Medfield Massachusets May 16th 1791.
With the most grateful and respectful sentiments, I return my acknowlegments for your valuable present. The notice of so illustrious a character does me honor. Your excellent performances afford a source of entertainment and instruction. I had formed an exalted idea of your Defence of the American Constitution; had seen it highly applauded by the Critical Reviewers; and find it exceed my sanguine expectations. It must be a most interesting object to Americans to contemplate their country advanced to such dignity and importance, as to excell the Republics in antient and modern times: while her example animates France to throw off the fetters of despotism, and assert the rights of mankind.

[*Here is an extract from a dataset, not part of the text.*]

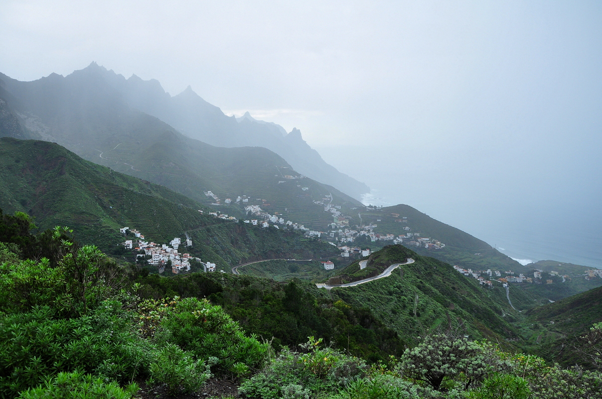 Widać miasteczko Almaciga u stóp którego leży Benijo w zatoczce...ech byłoby pięknie gdyby nie ta pogoda
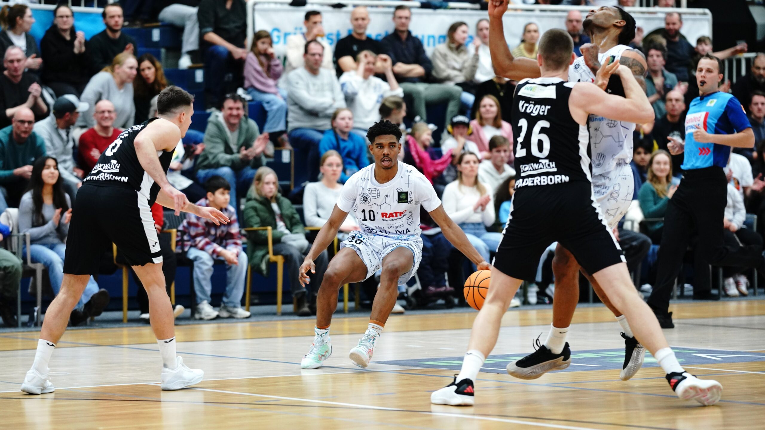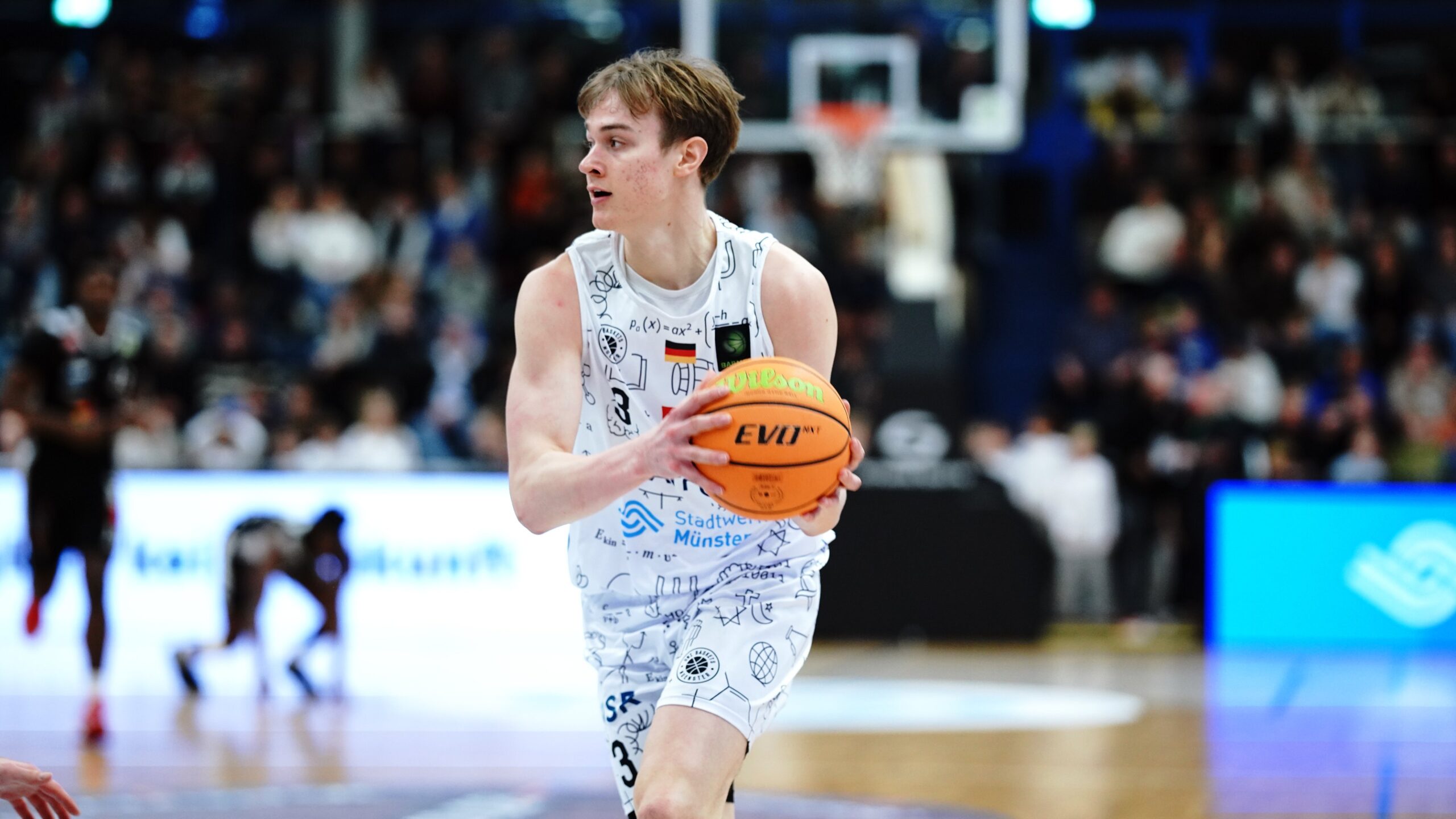 Cheftrainer Götz Rohdewald fehlten weiterhin Adam Touray und Julius Ferber. Über zwei Minuten ohne Punkte und Physis in der Defense ermöglichten den Paderbornern einen Einstieg nach Maß (3:8, 3.). Dann akklimatisierten sich die Münsteraner, wurden deutlich griffiger und kamen über einen blitzgescheiten Fastbreak mit Anspiel von Bo Hodges auf Paul Viefhues zur ersten Führung (11:10, 6.). In der zweiten Hälfte des Auftaktviertels spielte das Team von Götz Rohdewald variabel, energisch im Rebounding und kam im Wechsel von guten Korbaktionen und über vier verschiedene Dreierschützen zur 28:23-Führung nach Abschnitt eins.

Although I feel myself, Sir, already too much distinguished by the examples of your generous condescension, I have received; yet emboldened by goodness, and urged by powerful motives, I presume to make another request. The revolution in France will, I conceive, effect a change in the religious state of that country, which will be important to insert in my View of Religions. I have been unsuccessful in my endeavours to procure intilligence. Your extensive knowledge, Sir, and acquaintance with the most respectable foreign characters qualify you to give the most authentic account, which, dignified with so illustrious a name, will greatly enhance the value of my book. I fear I am too presumptious, but flatter myself your generosity will plead my excuse. Your compliance with my request, if consistent with the more important concerns of your exalted Station, will benefit the public, and lay me under additional obligations.
I am with profound respect / Sir, / Your much obliged and very humble servant,
MHi: Adams Papers.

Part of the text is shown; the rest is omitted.